Erguer o copo e brindar nascimentos, aniversários, casamentos, formaturas, finais de campeonato e tantos encontros especiais é ritual indispensável nas mais variadas culturas. O tim-tim simboliza celebração, bem-estar, alegria e, claro, o desejo de saúde! Para além desses cenários festivos, os efeitos inebriantes vindos das latas e garrafas também são almejados em contextos angustiantes e solitários — nesses casos, como um antídoto para a dor. “Há um maior risco de abusos de álcool, e até dependência, em meio às catástrofes naturais, ao terrorismo, ao luto e a outras situações difíceis”, afirma a farmacêutica Zila Sanchez, professora do Departamento de Medicina Preventiva da Universidade Federal de São Paulo (Unifesp).
Não seria diferente com a crise sanitária trazida pelo coronavírus. Como diria o caro amigo Chico Buarque: “E a gente vai tomando que, também, sem a cachaça, ninguém segura esse rojão”. E que rojão! “Além dos temores relacionados ao contágio e da preocupação com familiares e amigos, tem a ansiedade sobre a vacinação, dilemas financeiros e incertezas quanto ao futuro”, enumera o psiquiatra Arthur Guerra, presidente do Centro de Informações sobre Saúde e Álcool (Cisa), em São Paulo. Muitos enchem o copo para esquecer tudo isso.
Alessandra Diehl, psiquiatra e vice-presidente da Associação Brasileira de Estudos de Álcool e Outras Drogas (Abead), comenta que o movimento é global. “Houve maior consumo em países como Portugal, Alemanha, Irlanda e França”, exemplifica. Por aqui, o panorama foi escancarado pela ConVid Pesquisa de Comportamentos, feita pela Fundação Oswaldo Cruz (Fiocruz) em parceria com a Universidade Federal de Minas Gerais (UFMG) e a Universidade Estadual de Campinas (Unicamp). Questionários online respondidos por 44 062 pessoas dos quatro cantos do Brasil, entre abril e maio de 2020, revelaram que 18% dos participantes passaram a beber mais com a chegada da pandemia. “Sentimentos como tristeza estão associados a esse resultado”, afirma a pesquisadora e coordenadora do trabalho Célia Landmann Szwarcwald, da Fiocruz.

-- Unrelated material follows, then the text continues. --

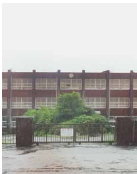
早急な利用計画が必要な東校跡地
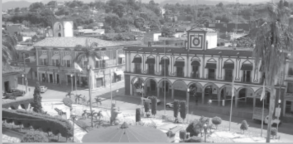
Gráfico CRÓNICAS de Tlapacoyan

Outro grande estudo, realizado pela Organização Pan-Americana da Saúde (Opas), com participação de 12 328 adultos de 33 países da América Latina, também mostra desgastes emocionais por trás de exageros. “Observamos aumento na frequência do que chamamos de beber pesado episódico, ou binge drinking”, conta Zila, uma das cientistas brasileiras envolvidas no trabalho. O termo pode ser traduzido, de maneira deselegante, como “porre” e corresponde a tomar cinco ou mais doses de bebida em uma única ocasião. Seriam quase 2 litros de cerveja de uma vez.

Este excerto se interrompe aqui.